Other cities have taken steps such as pedestrian-only zones sealed off by traffic-blocking barriers. In Las Vegas, hundreds of bollards were installed along the Strip in officials called a “a matter of life and death” to protect people from those who could use vehicles as weapons. New Orleans has put in plans to tighten controls on vehicles entering the crowded Bourbon Street area.

Police across the United States, meanwhile, have reassessed security precautions for demonstrations and other marches after a driver plowed into counterprotesters opposing a white nationalist rally in Charlottesville, killing 32-year-old Heather Heyer.

“I am convinced that life will prevail over death and that we will triumph over barbarism and terror,” the Nice mayor Estrosi said.

But security experts note that city planners need to move away from standard traffic barriers – such as large planters or decorative posts – to far-stronger blockades designed to stop even speeding vehicles.
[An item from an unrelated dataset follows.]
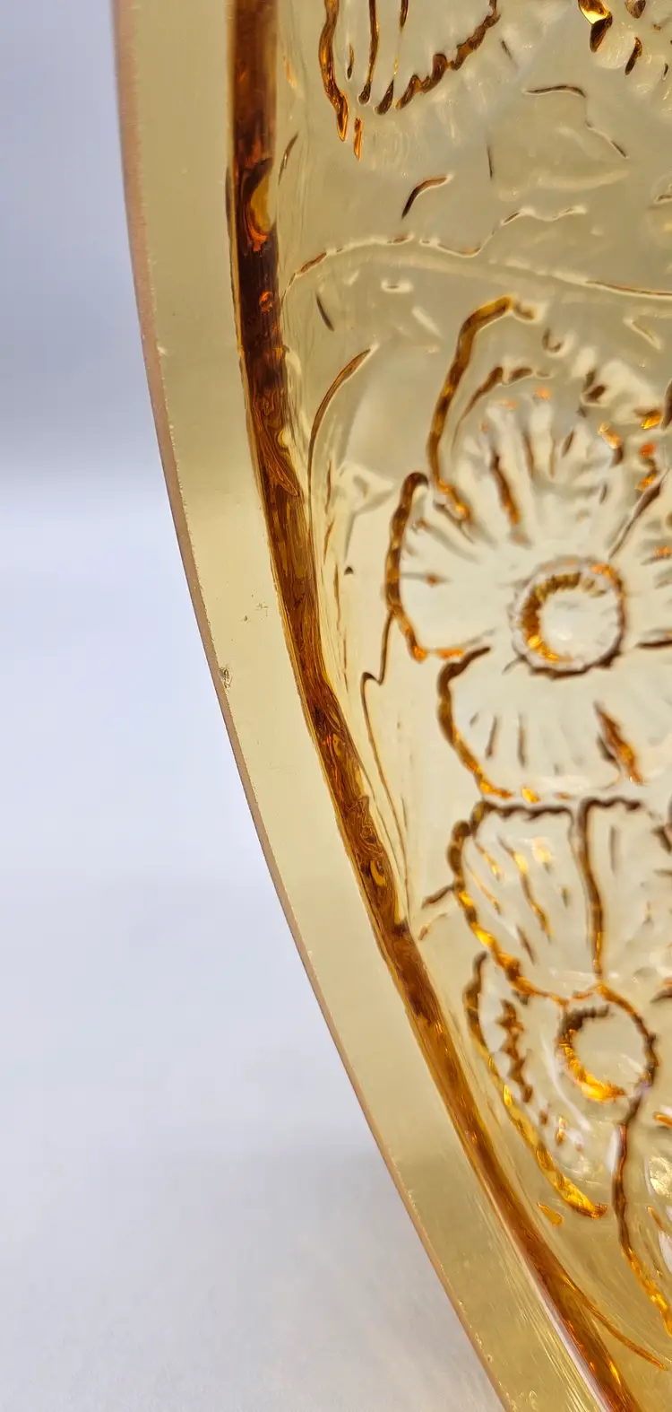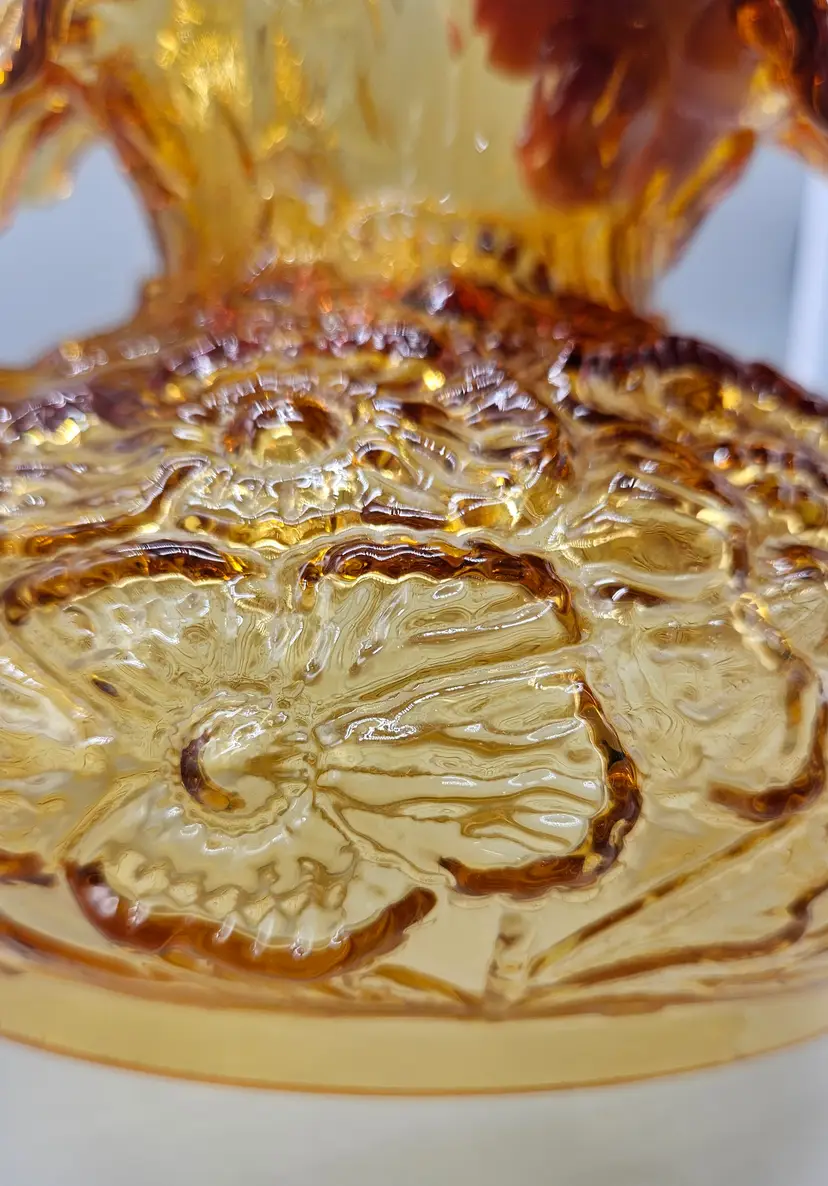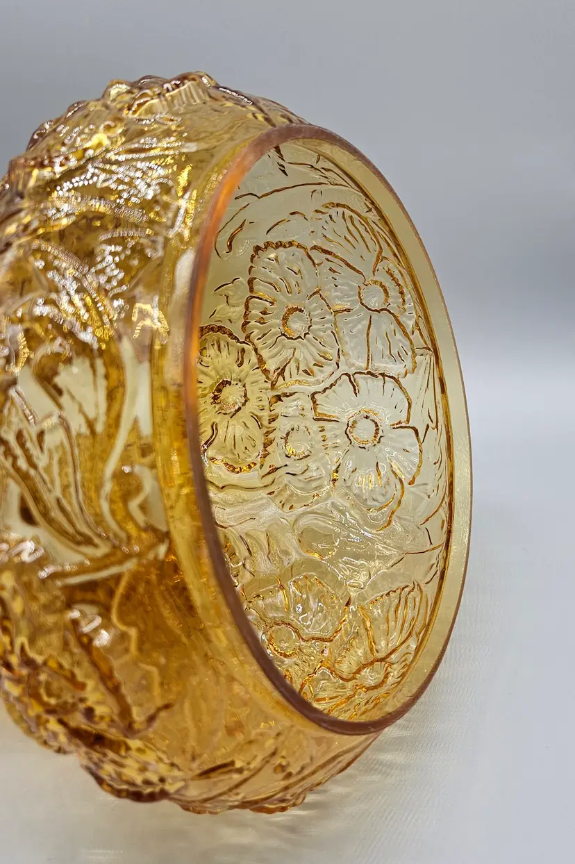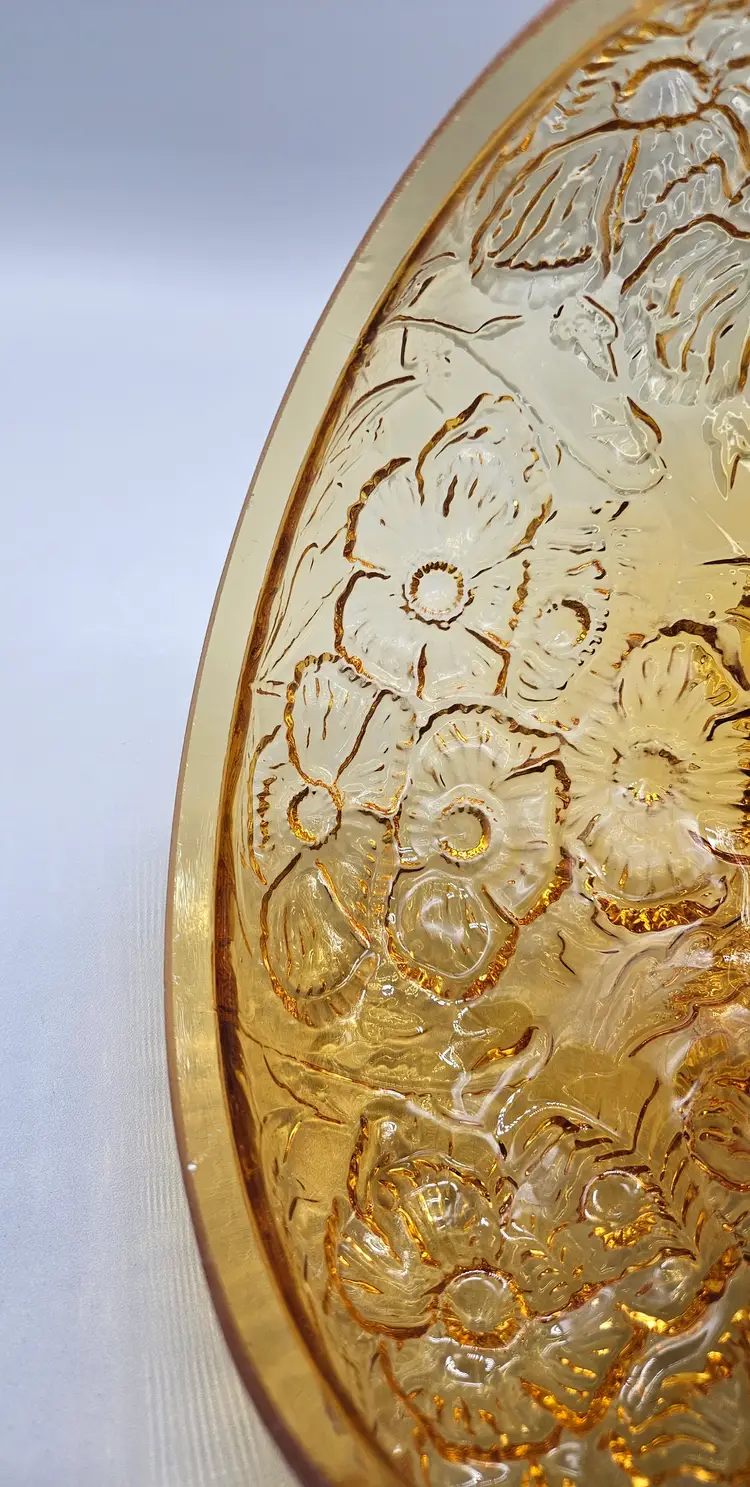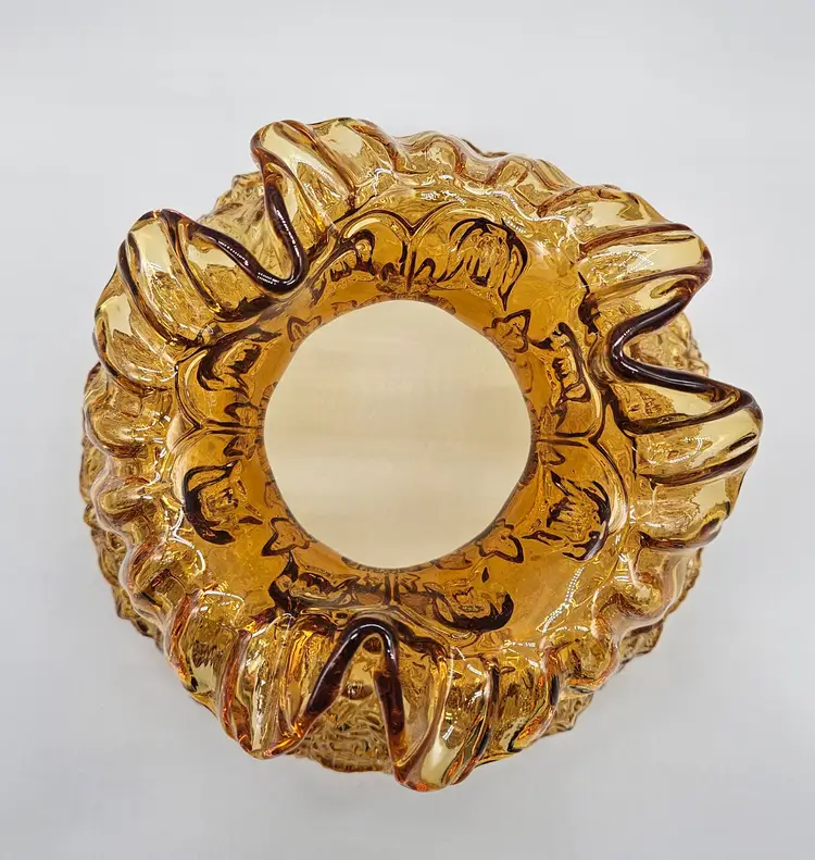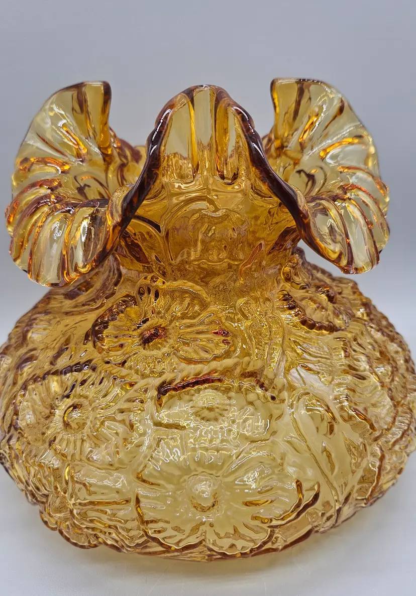 A vintage Fenton Glass Lamp Shade, Amber Colored with a ruffled top and embossed poppy pattern. It measures approximately 8" tall. The bottom is approximately 6 3/4" in diameter and the top opening is approximately 4" wide. There are a few some flea bite sized chips on on the bottom rim that inserts into a lamp so wouldn't. It is in Excellent Pre-owned condition, showing minimal wear from age and previous use. There are no breaks, no cracks.
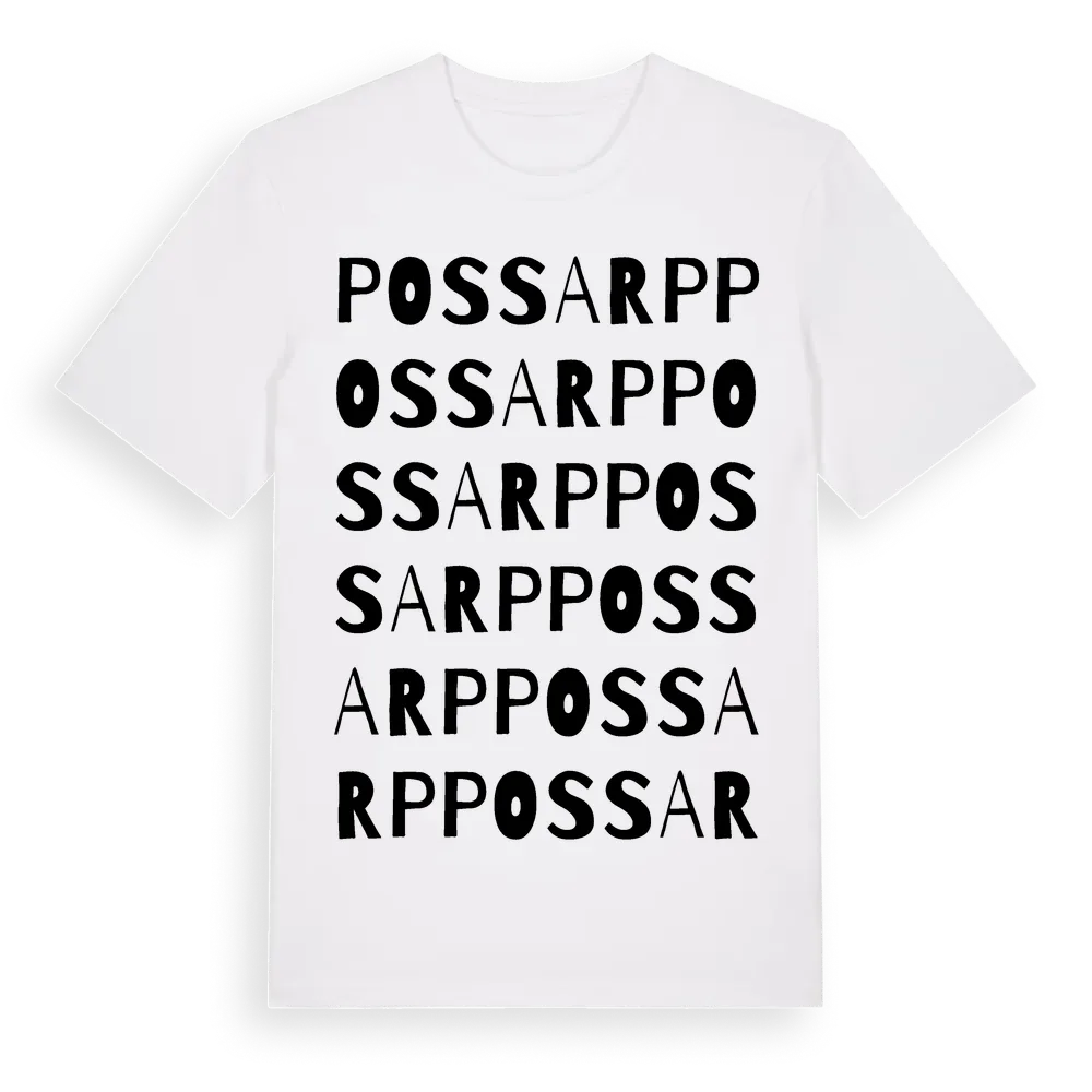 Possarp ordlek t-shirt är inspirerad av Possarp i Jönköpings län, Sverige. Tröjan är designad för dig som har en speciell koppling till platsen – oavsett om du bor här, har rötterna här eller bara älskar Possarp.

Charles Oakes, an urban traffic security engineer, wrote in a design journal in April that city officials need to reconsider the “expectation of civility” in traffic-control measures, and move toward barriers built to “withstand deliberate wanton acts of destruction and death.”

The Nice mayor Estrosi said the planned Sept. 28-29 meeting would include Julian King, the European Union commissioner in charge of security issues.

“We can’t ignore the risk that exists. There can never be ‘zero risk,'” King said in December.